As the material for the electron-blocking layer, a known electron-blocking layer material can be used, and the material for the hole-transporting layer, which will be described later, can be used as necessary. The thickness of the electron blocking layer is preferably 3-100 nm, more preferably 5-30 nm.

- Exciton blocking layer -
The exciton-blocking layer is a layer that prevents excitons generated by recombination of holes and electrons in the light-emitting layer from diffusing into the charge-transporting layer. It becomes possible to efficiently confine them in the light-emitting layer, and the light-emitting efficiency of the device can be improved.
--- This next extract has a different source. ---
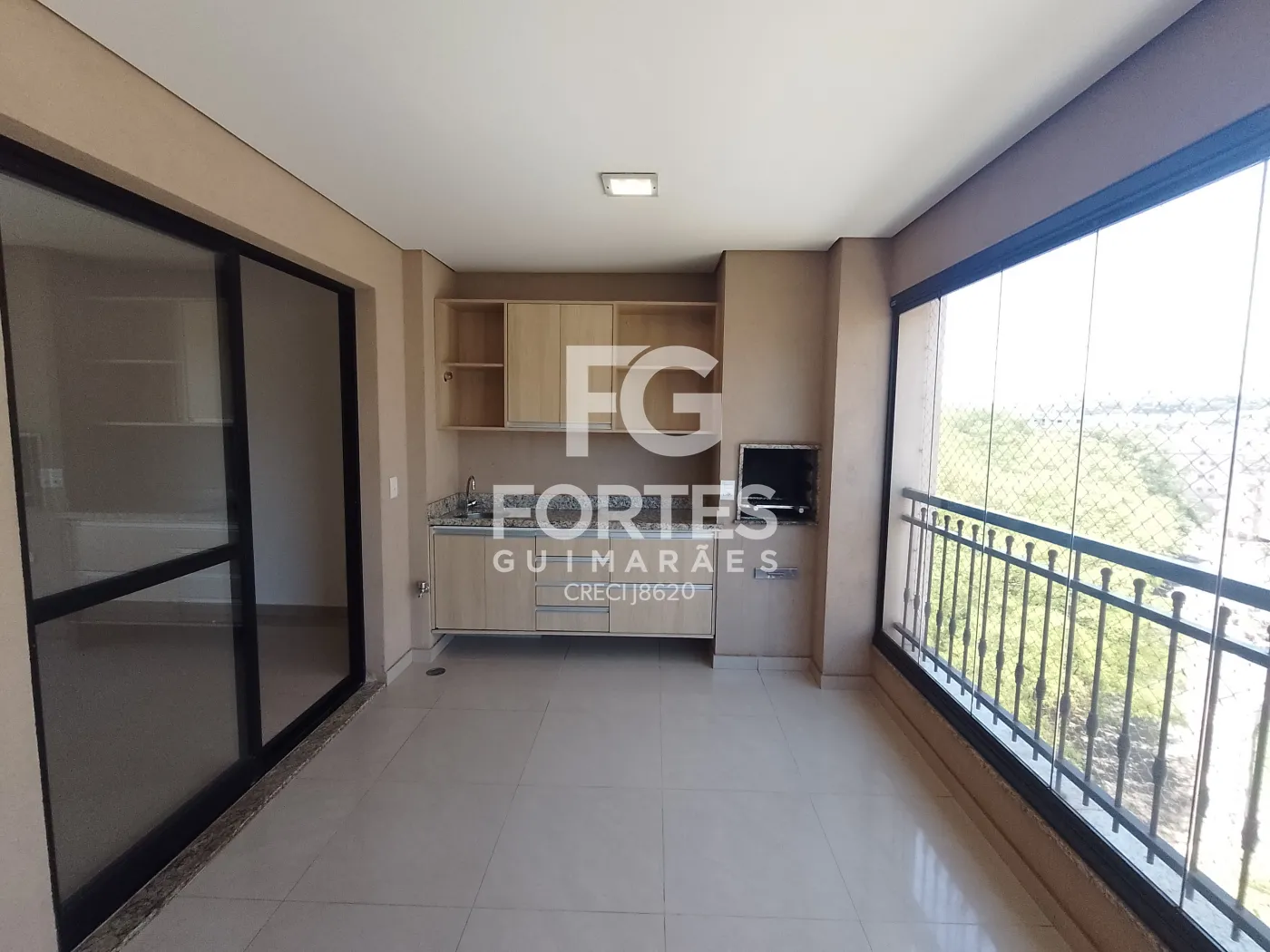 1 Varanda Gourmet com armário e Gabinete, Churrasqueira fechamento em vidro

An exciton blocking layer can be inserted between two adjacent light-emitting layers in a device in which two or more light-emitting layers are adjacent to each other.

A known exciton blocking layer material can be used as the material for the exciton blocking layer. Examples include 1,3-dicarbazolylbenzene (mCP) and bis(2-methyl-8-quinolinolato)-4-phenylphenolatoaluminum (III) (BAlq).

-Hole transport layer-
The hole-transporting layer is made of a hole-transporting material having a function of transporting holes, and the hole-transporting layer can be provided as a single layer or multiple layers.
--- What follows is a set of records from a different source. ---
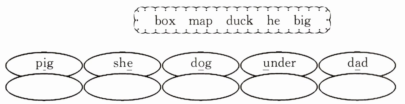 一、根据单词中的划线字母的发音在方框中为下列单词找朋友。
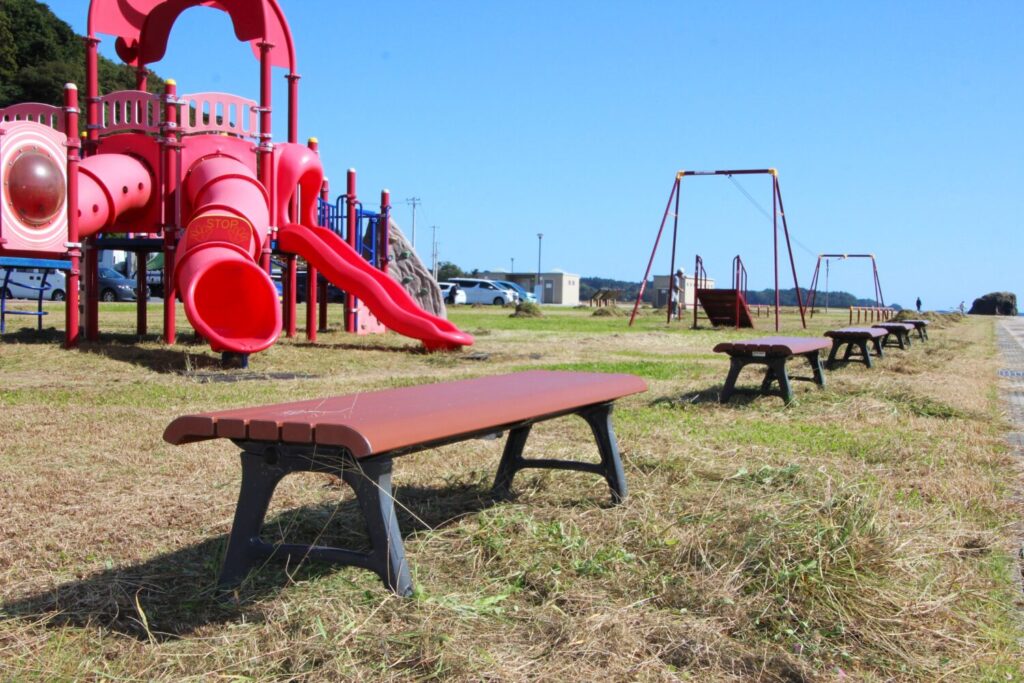 遊具付近にはベンチもあり、お子さんが遊んでいる姿をゆっくりと見守ることができます。
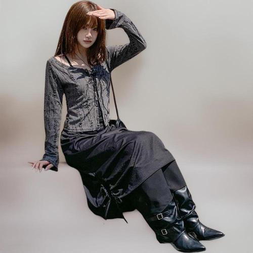|CMJ6815|여성 유니크 가죽 롱 트렌치코트 허리 스트랩
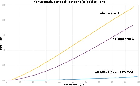 In genere, l'uso delle colonne WAX a temperature pari o superiori alla loro temperatura operativa massima può danneggiare la fase stazionaria, causando problemi di stabilità del tempo di ritenzione. Ora però, grazie a un’innovativa tecnologia delle colonne WAX, è possibile superare questo limite.
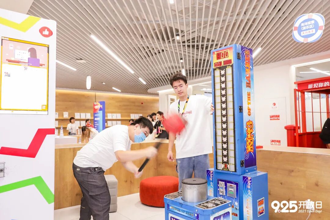每个游戏环节都跟「海洋」紧密联系。有的是名字相关:比如VR游戏「海底两万里」、比拼力气的「大力水手」、还有「海洋寻宝」、畅游海洋球池里的「赞er海底“捞”」...
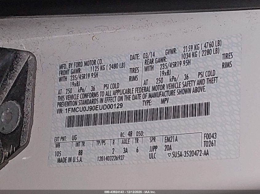 2014 FORD ESCAPE 2014 року Бензин, 2.0, Передний привод, vin - 1FMCU0J90EUD00129 из США
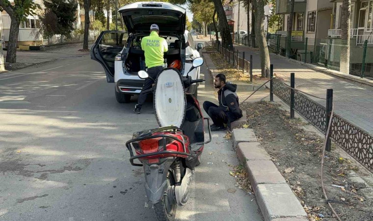 Yapılan sorgulamada motosiklet sürücüsü Seyfettin H’nin ehliyetinin olmadığını ve plakasız motosiklet kullandığı tespit edildi. Sürücüye plakasız ve ehliyetsiz motosiklet kullanmaktan 40 bin 343 lira para cezası kesildi.
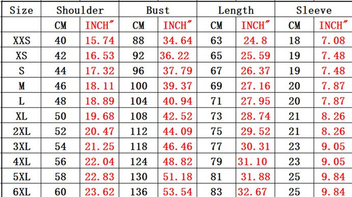 Size: XXS, XS, S, M, L, XL, XXL, 3XL, 4XL, 5XL, 6XL
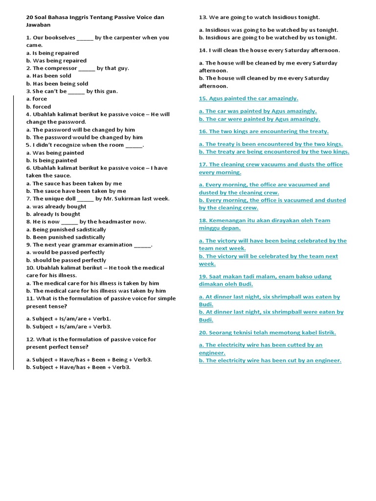 Soal Dan Pembahasan Bahasa Inggris Passive Voice – Pada kali ini kami akan membagikan latihan soal salah satu kompetensi dasar dalam mata pelajaran bahasa inggris smp sma yaitu tentang passive voice. Pola passive voice dalam soal tes toefl pasive voice dalam soal bagian structure and written expression bisa saja dapat anda temukan ketika mengikuti tes toefl untuk menjawab soal pola ini anda harus memahami pola polanya dengan baik passive voice atau kalimat pasif adalah kalimat yang objek dari kalimat aktifnya menjadi subjek pada kalimat pasif. Soal passive voice pilihan ganda jawaban pembahasan by teguh rpg posted on november 3 2018. Passive voice is a type of sentence or clause in which the subject receives the action of the verb passive voice adalah jenis kalimat atau klausa di mana subjek menerima tindakan dari kata kerja. Kalimat pasif diawali dengan pelaku yang merupakan sasaran objek dari kata kerja yang ada dalam kalimat tersebut. Untuk mengukur seberapa baik kemampuan anda menggunakan passive voice anda bisa melatih passive voice dengan soal soal tentang passive voice yang ada di bawah ini..
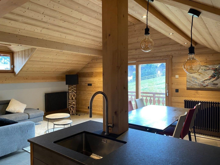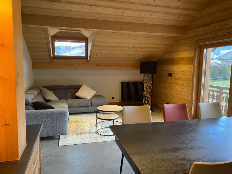 Appartement chaleureux situé dans un chalet offrant une belle vue sur la chaîne du Mont-Blanc, pouvant accueillir 6 personnes.
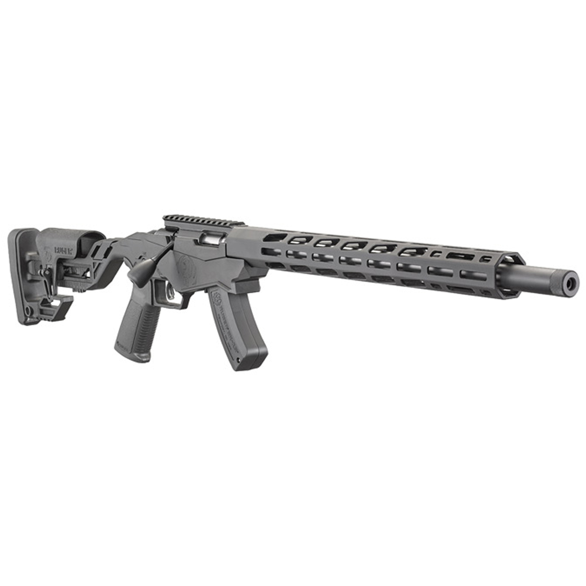 Ruger Precision Rimfire Black Bolt Action Rifle – 22 Long Rifle – The Ruger Precision Rimfire rifle features a molded, one-piece chassis and a Quick-Fit adjustable buttstock assembly manufactured with glass-filled nylon for strength, stiffness, and stability. The adjustable buttstock also has a flat Picatinny bag rider, molded-in window which provides a tether point for your squeeze bag, and a metal QD pocket. The free-float handguard is made of aluminum and features Magpul M-Lok slots on all four sides, while the Picatinny scope base includes 30 MOA elevation. The target, cold hammer-forged, 4140 alloy steel barrel has ultra-precise rifling and 1/2in-28 threads with an included thread protector. The Precision Rimfire rifle also has a Ruger Marksman adjustable trigger, AR-pattern pistol grip, safety selector, and an oversized bolt handle. May Be Configured With Most AR-Style Grips/Selectors Ruger Marksman Adjustable Trigger Accepts All 10/22 Magazines Oversized Bolt Handle
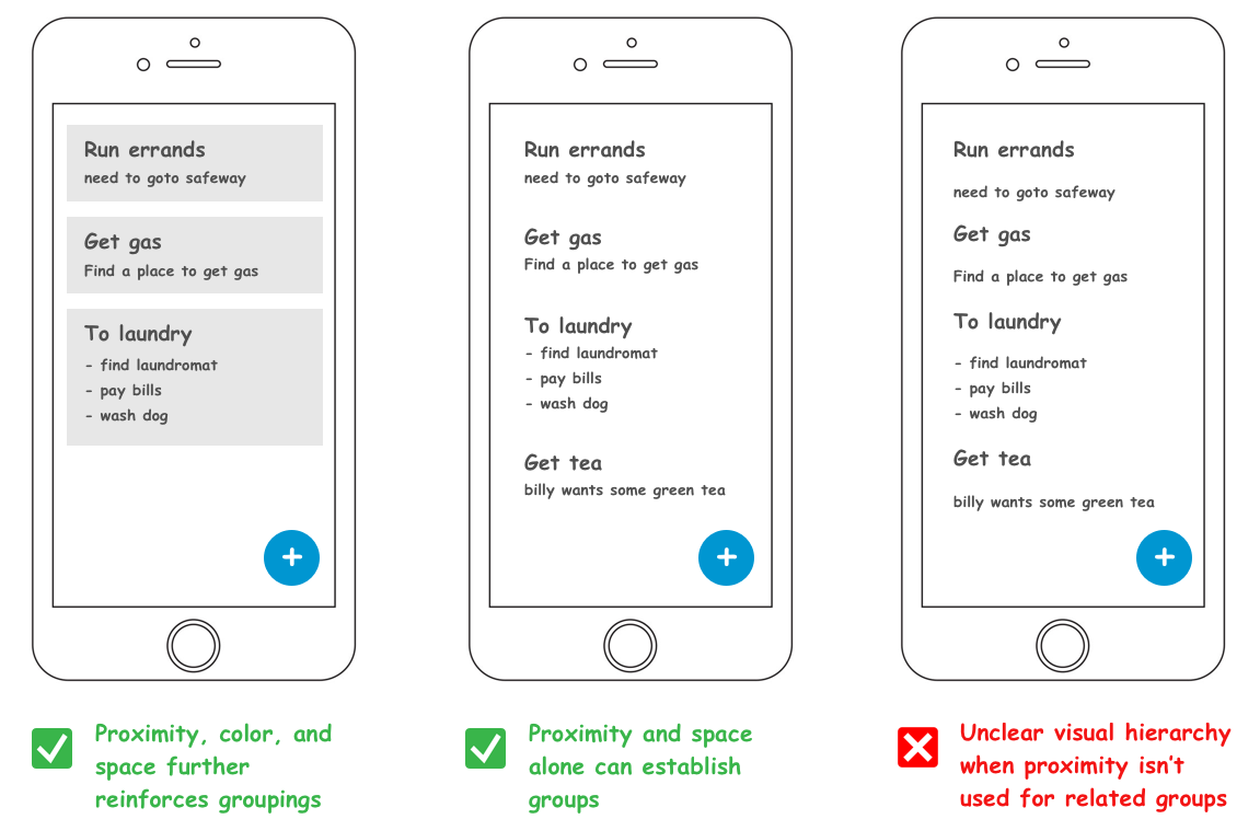 在视觉上,利用接近性可以将目标分组。可以结合运用颜色使分组更明确。与接近性相反,空间留白,也可以加强分组或是隔离不相关的元素。

The hole-transporting material has either hole injection or transport or electron blocking properties, and may be either organic or inorganic. Any compound can be selected from conventionally known compounds and used for the hole transport layer. Examples of such hole transport materials include porphyrin derivatives, arylamine derivatives, triazole derivatives, oxadiazole derivatives, imidazole derivatives, polyarylalkane derivatives, pyrazoline and pyrazolone derivatives, phenylenediamine derivatives, arylamine derivatives, amino-substituted chalcone derivatives. , oxazole derivatives, styrylanthracene derivatives, fluorenone derivatives, hydrazone derivatives, stilbene derivatives, silazane derivatives, aniline copolymers, conductive polymer oligomers, especially thiophene oligomers, porphyrin derivatives, arylamine derivatives and styryl derivatives. An amine derivative is preferably used, and an arylamine derivative is more preferably used.

-Electron transport layer-
The electron transport layer is made of a material having a function of transporting electrons, and the electron transport layer can be provided as a single layer or multiple layers.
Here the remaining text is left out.